A really well-designed VR lab available to thousands of school, millions of students at the same time. What a high value brought to a big number of people. Now, let's take this a step further.
As I saw, most of you know what Chat GPT is, but who doesn’t? It’s an artificial, intelligent counterpart with whom you can have a meaningful conversation. You can let it summarize long texts or… write perfect email replies for you.
Or you can ask it to help you with your schoolwork. Here, for example, I asked Chat GPT to help me with the eighth grad physics exercise from Physics workbook. And it’s about calculating the distance between two cars based on the information where they were at a specific time moment.
It takes around 30s for Chat GPT to lay down the answer, which is correct, by the way. So it’s smart and it’s fast. We have also experimented with ChatGPT in photo class.
The idea is whenever you’re in trouble in VR, you can ask for help from this Chat GPT chat bot. Although it is very promising and already a powerful tool, I feel we're fundamentally halfway there. The real transformation in education happens when those AI powered helpers will start asking questions.
How can I help you? What do you think you need to do? What molecule you need to put on the table there.
They will guide your attention in this virtual environment and give you information bits by bits and pieces so that you would arrive to a perfect result. Imagine how empowered Reiner and other teachers around the globe would be if they had such a tech tools at their disposal. Maybe we're not in such a deep teacher shortage crisis and maybe we’re able to help those students who didn’t get enough in school and help them reach their dreams.

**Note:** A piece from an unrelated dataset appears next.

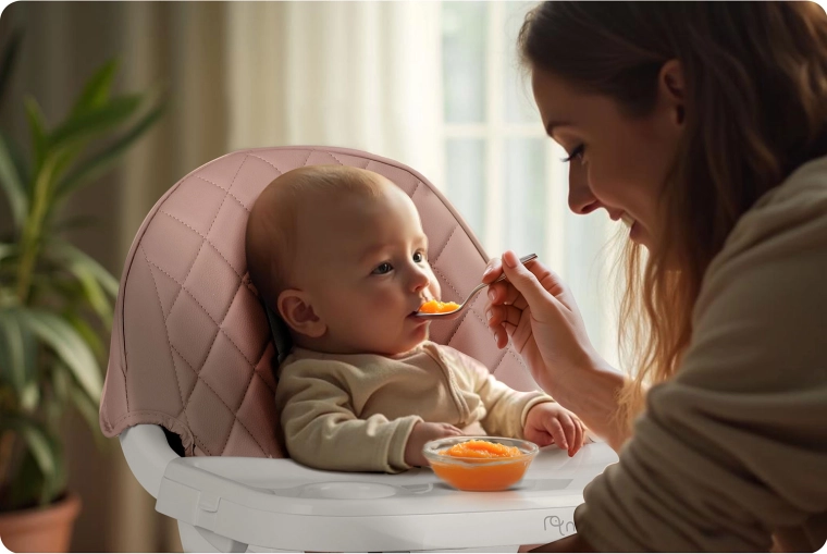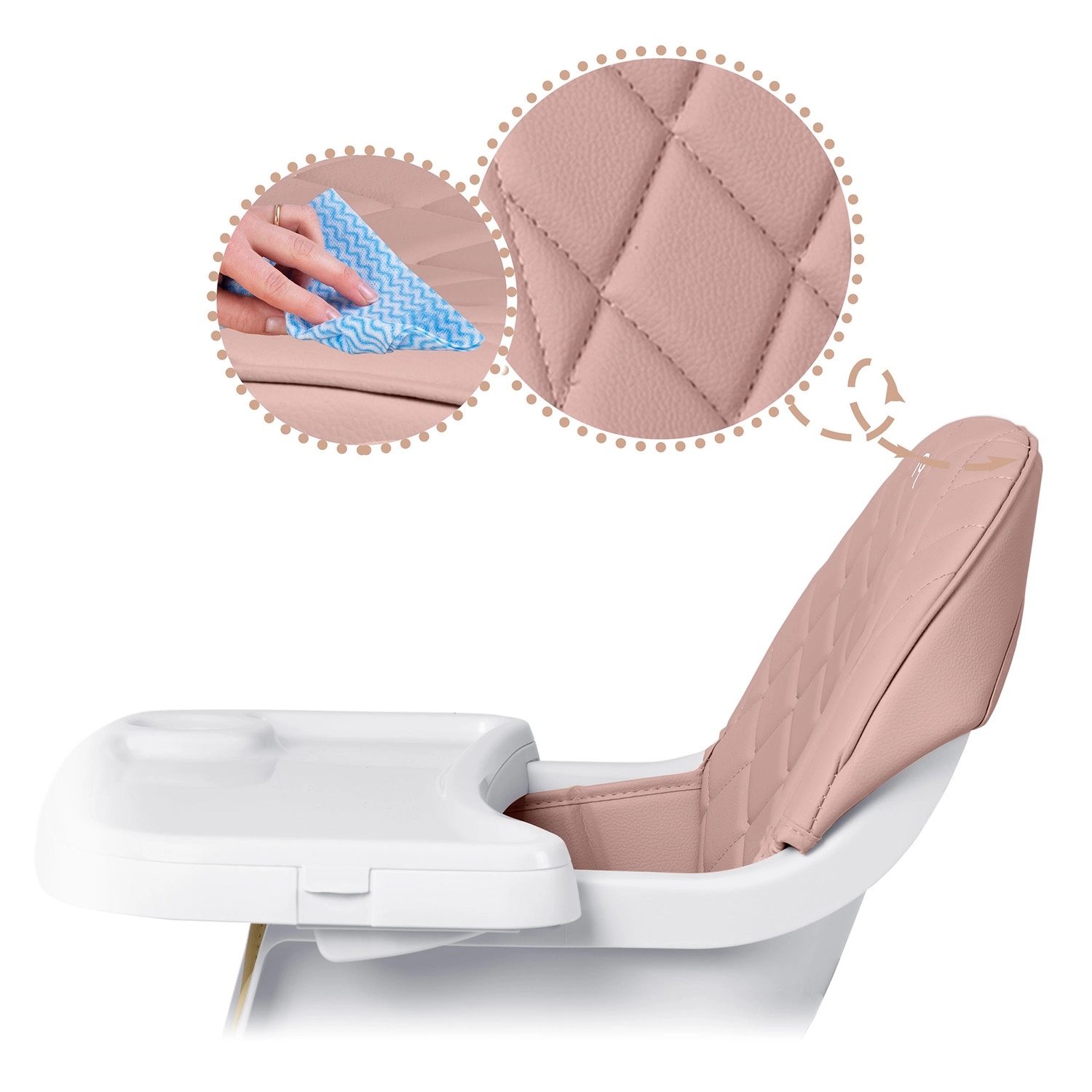 Spoľahlivé 5-bodové pásy, stabilné nohy s protišmykovými koncovkami a pevná konštrukcia zabezpečujú bezpečné sedenie pri jedle aj pri hre.

VR headsets are far more than just gaming gadgets for Christmas presents. They're affordable and they're available. Intelligent tutoring systems are being integrated into tech solutions around the world as we speak.

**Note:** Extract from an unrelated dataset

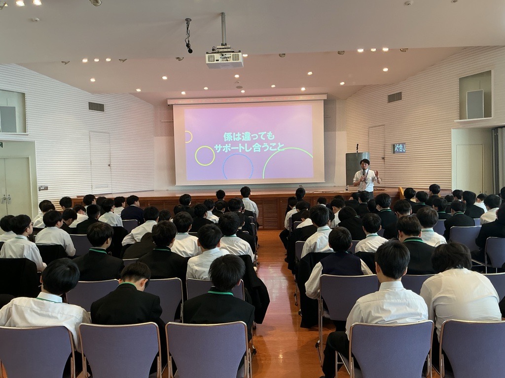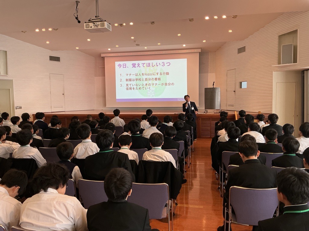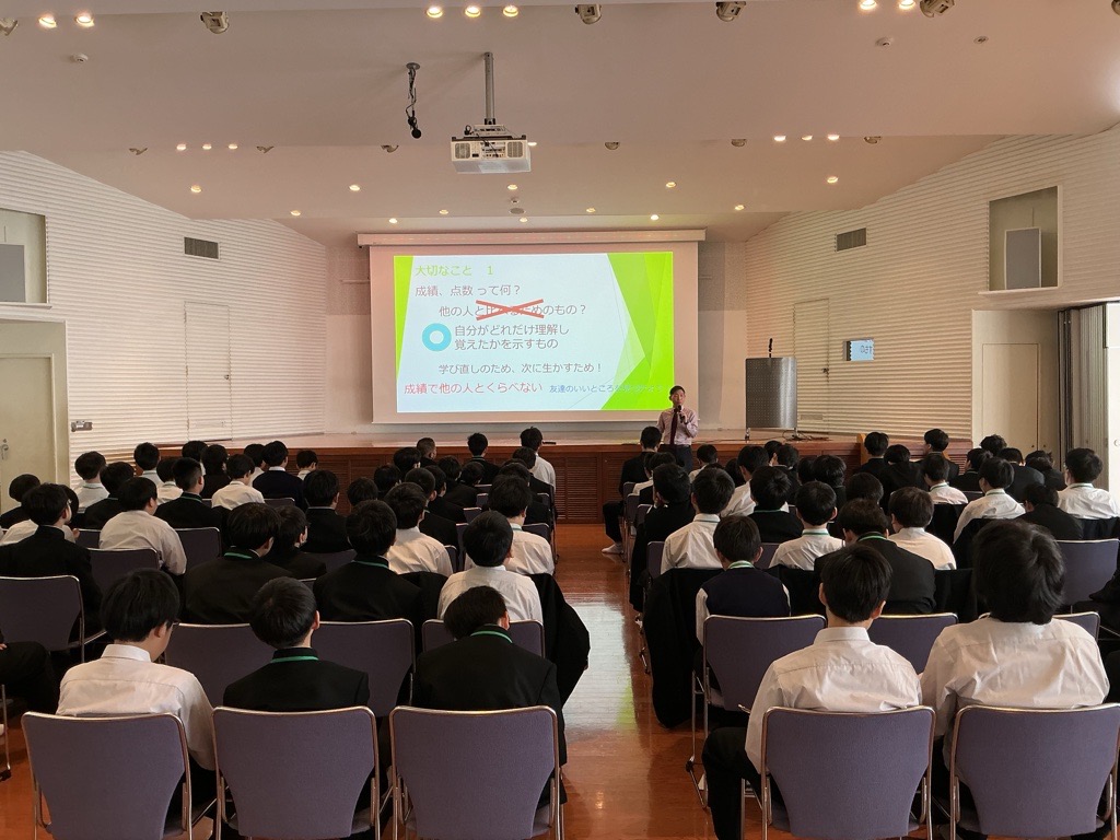 本日は、教務部長より「学びについて」、また、副校長より「公共のマナー」についての講話がありました。生徒たちは、授業やテストは他者と比較するためにあるのではなく、「学び続ける」姿勢そのものにつながることを知りました。また、自分のあり方やルール・マナーについて真剣に考えていました。
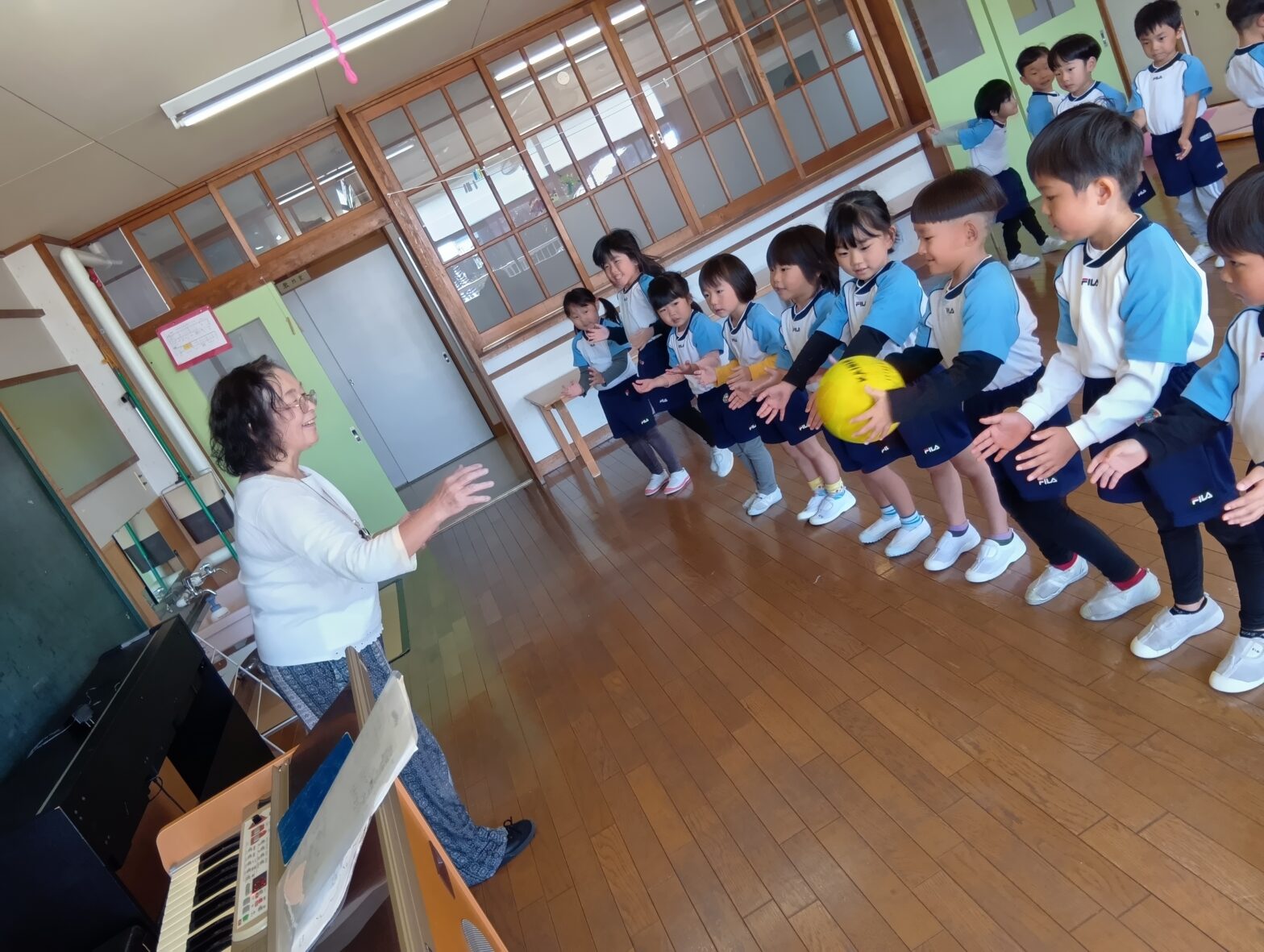 25.10.24いつも楽しいリトミック♪ 今回もお部屋に入るところから リズム遊びがスタート!✨ おじいちゃんおばあちゃんに変身👴👵!? 腰を低くして…

Now is the time to embrace these new technologies and work together to reshape the future of education. I would like to end on a personal note: this is my daughter, Harriette. She’s two.
While there isn’t much happening in this picture, this marks the day when she learned what the plane flight is and how the Earth looks like from above. I would like to think about her future education full of immersive virtual world discoveries as well as treasured real life moments we spent together. Thank you.